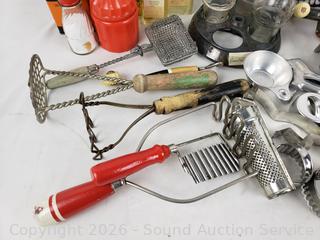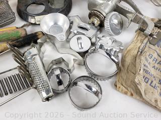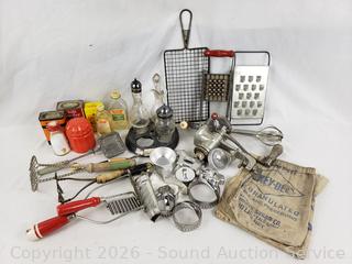 Hand mixer, condiment set, food chopper, cookie cutters, etc. Refer to photos for lot contents, more details.
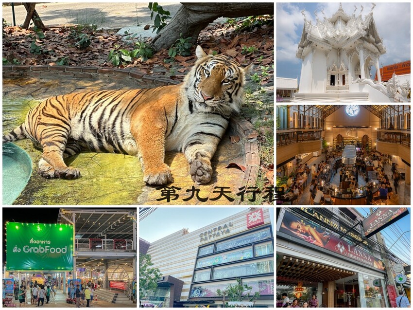 第九天行程Wat Nong Yai-芭達雅老虎園-NITAN Coffee’s Tale-Lanna Health Massage_ Central Festival(尚泰海灘購物中心)-Thepprasit Night Market 芭達雅週末夜市-素萬那普機場 (BKK)機場
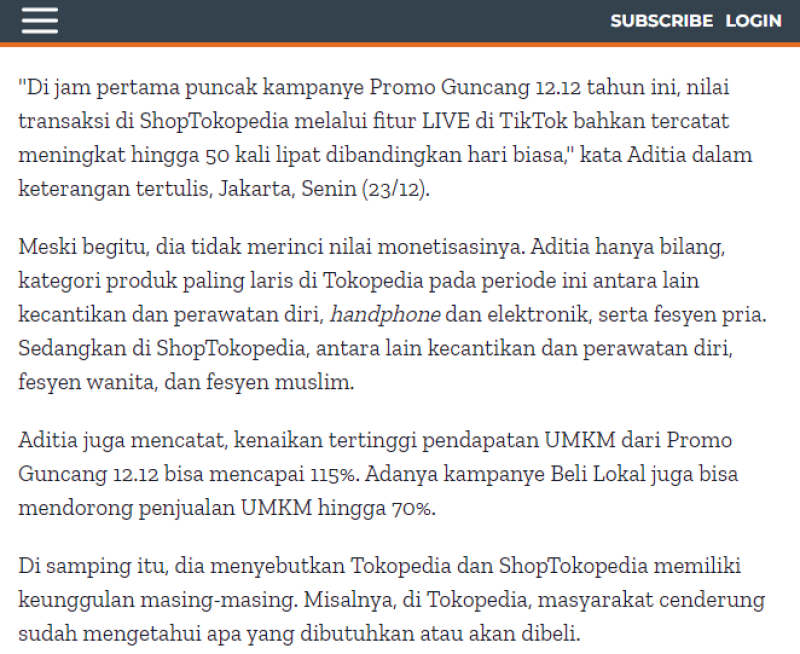 此外,隨著圣誕節(jié)到來(lái),相關(guān)商品如餅干、巧克力、圣誕樹(shù)及裝飾品等的訂單量平均增長(zhǎng)近三倍。Aditia指出,Shop Tokopedia的消費(fèi)者傾向于在TikTok上觀看視頻后再購(gòu)物,TikTok用戶(hù)的行為模式高度一致,92%的用戶(hù)會(huì)因視頻內(nèi)容而進(jìn)行購(gòu)物。數(shù)據(jù)顯示,Shop Tokopedia上在TikTok上直播的蠟染賣(mài)家與不直播的賣(mài)家相比,銷(xiāo)售額平均增長(zhǎng)了3倍。

(What the task requires): All of the listing is to be written out exactly, with the pictures left out.

(Exercise answer):
 Hand mixer, condiment set, food chopper, cookie cutters, etc. Refer to photos for lot contents, more details.
 第九天行程Wat Nong Yai-芭達雅老虎園-NITAN Coffee’s Tale-Lanna Health Massage_ Central Festival(尚泰海灘購物中心)-Thepprasit Night Market 芭達雅週末夜市-素萬那普機場 (BKK)機場
 此外,隨著圣誕節(jié)到來(lái),相關(guān)商品如餅干、巧克力、圣誕樹(shù)及裝飾品等的訂單量平均增長(zhǎng)近三倍。Aditia指出,Shop Tokopedia的消費(fèi)者傾向于在TikTok上觀看視頻后再購(gòu)物,TikTok用戶(hù)的行為模式高度一致,92%的用戶(hù)會(huì)因視頻內(nèi)容而進(jìn)行購(gòu)物。數(shù)據(jù)顯示,Shop Tokopedia上在TikTok上直播的蠟染賣(mài)家與不直播的賣(mài)家相比,銷(xiāo)售額平均增長(zhǎng)了3倍。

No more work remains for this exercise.